World Menopause Day - October 18, 2008
Menopause is Not a Disease Nor a Mistake
Menopause is not a malfunction of the female body, but rather a natural transition from one stage of life to another. With the cessation of menses, there is an accompanying decrease in the production of the hormones estrogen, progesterone and testosterone. All of these hormones regulate certain functions within a woman's body, such as the ability menstruate and to conceive and carry a baby. They also have an effect on the circulatory system, urinary and vaginal systems and bones. Some women never experience menopausal symptoms. However, most women do, and those symptoms can last for several years. As a rule, women between the ages of 40 and 55 are subject to symptoms of menopause, which is usually signaled initially by irregularities with menstrual periods.
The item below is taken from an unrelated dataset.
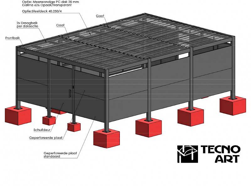 Un module de base est élaboré comme un modèle de table avec 4 supports robustes (tubes 200x100). Le toit est constitué d'un tablier en acier et peut, en option, être recouvert d'un toit vert.
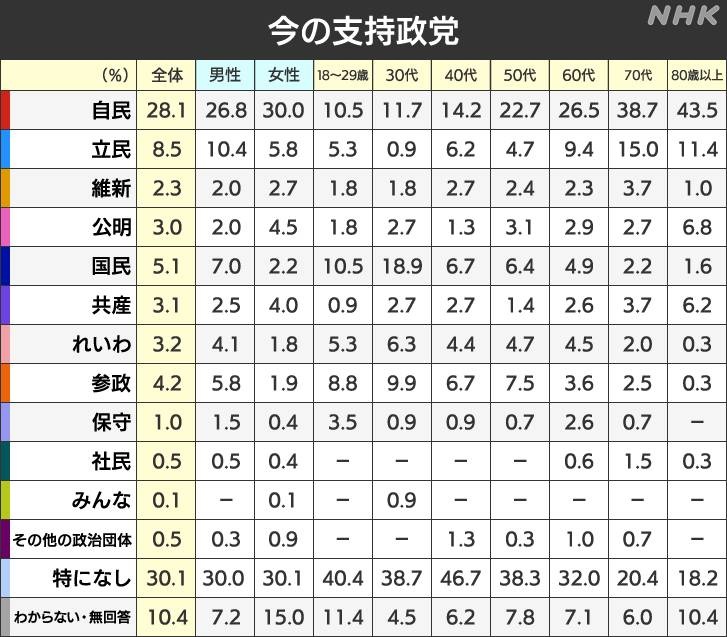 政党支持率 自民28.1% 立民8.5% 国民5.1% 支持なし30.1% | NHK https://www3.nhk.or.jp/news/html/20250707/k10014856111000.html

The Consequences of Menopause Reach World-Wide
As world populations age, the numbers of menopausal women, including those just entering and those just ending menopause, is increasing. Some effects of menopause may have a negative impact on the day-to-day lives of many women and at times the consequences of menopause may be implicated in more serious age-related diseases like heart conditions and osteoporosis. Many women will live one-third of their lives post-menopause, some at high risk for some of these diseases. Medical costs soar as women who are uneducated about, and unprepared for, menopause experience broken bones and fractures and other age-related illnesses. Most of these ailments could be prevented or at least treated early if women were made aware of the facts about menopause and given the option for different hormonal treatments.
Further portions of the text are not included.